09:32	<MikeSmith>	hsivonen: yeah, understood
09:33	<MikeSmith>	I'm happy to help with, at the very least, dealing with some of the low-hanging fruit
09:33	<MikeSmith>	as far a v.nu bugs
09:33	zcorpan	wonders how to ensure that text doesn't use non-XML 1.0 Char characters in a text-based CMS
09:33	<hsivonen>	MikeSmith: I very much appreciate your help. The recent fixes have been great.
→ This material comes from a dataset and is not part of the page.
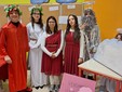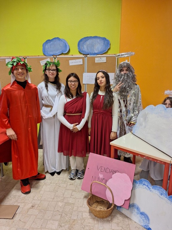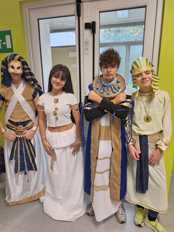 A ogni classe è stato assegnato un tema, sorteggiato tra gli argomenti affrontati nel triennio — dall’antico Egitto all’Unità d’Italia, passando per le scienze naturali e la biologia — e da lì è nata una piccola rappresentazione teatrale. Gli studenti si sono occupati di tutto: costumi, scenografie, testi e persino musiche, privilegiando l’uso di materiali di recupero in un’ottica sostenibile.

09:34	<hsivonen>	zcorpan: run everything through a magic regexp?
09:35	<zcorpan>	i guess
09:37	<Philip`>	zcorpan: Remove all non-ASCII characters, and all below 0x20
09:38	<Philip`>	Alternatively: Don't try to stop people inputting non-XML 1.0 Char characters
09:38	<jgraham>	zcorpan: html5lib has a big regexp somewhere
09:38	<Philip`>	and just make sure you deal with the issue when outputting to XML
09:38	<zcorpan>	Philip`: i need non-ascii characters
09:38	<jgraham>	zcorpan: Why are you trying to produce AML with a text-based CMS?
09:38	<jgraham>	*XML
09:38	<Philip`>	(because otherwise you'll forget to validate some of the input, and get invalid text in your database, and then it'll be a pain to get rid of)
09:39	<zcorpan>	jgraham: i want to have an Atom feed and the CMS i have is text-based
09:39	<jgraham>	s/somewhere/in ihatexml.py/
09:39	<zcorpan>	lol
09:39	<Philip`>	Escape on output, it's the only way to be sure :-)
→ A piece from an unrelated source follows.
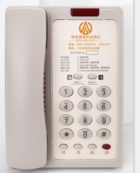 诺巴玛A9电话机专为高中档大酒店设计,独有的大面板空间可印刷酒店店标,订房电话和地址等等,独有的二组一键通按键方便简洁。LOGO定制可以很好的展示了酒店的风格,大大提升酒店的档次。合作客户包括知名的戴斯酒店,维也纳、 喜来登、海南天佑,7天酒店,速8酒店 格林豪泰 万豪酒店等。丝网印刷永不掉色,防水耐磨,永不掉色,一次投资永久使用,产品质保三年,百日换新!是酒店客房电话机的首选品牌

09:40	<jgraham>	zcorpan: I feel there must be a "now I have two problems" type comment in here somewhere
09:41	<MikeSmith>	heh
10:19	<MikeSmith>	http://www.whatwg.org/specs/web-apps/current-work/multipage/editing.html#spelling-and-grammar-checking
10:20	<MikeSmith>	"The spellcheck attribute is an enumerated attribute whose keywords are the empty string, true and false."
10:21	<MikeSmith>	so <p spellcheck>foo</p> should be invalid, right?
10:21	<Philip`>	That looks like an empty string to me
10:21	<MikeSmith>	but <p spellcheck="">foo</p> is valid
10:21	<MikeSmith>	Philip`: <p spellcheck> is the same as empty string?
10:21	<Philip`>	The tokeniser doesn't make any distinction between those two cases, unless I'm horribly mistaken
10:21	<MikeSmith>	OK
10:21	<Philip`>	and I'm pretty sure I'm not horribly mistaken
10:21	<Philip`>	though I could be wrong about that
10:21	<jfkthame>	Philip`: are you the one behind http://fonts.philip.html5.org/ by any chance?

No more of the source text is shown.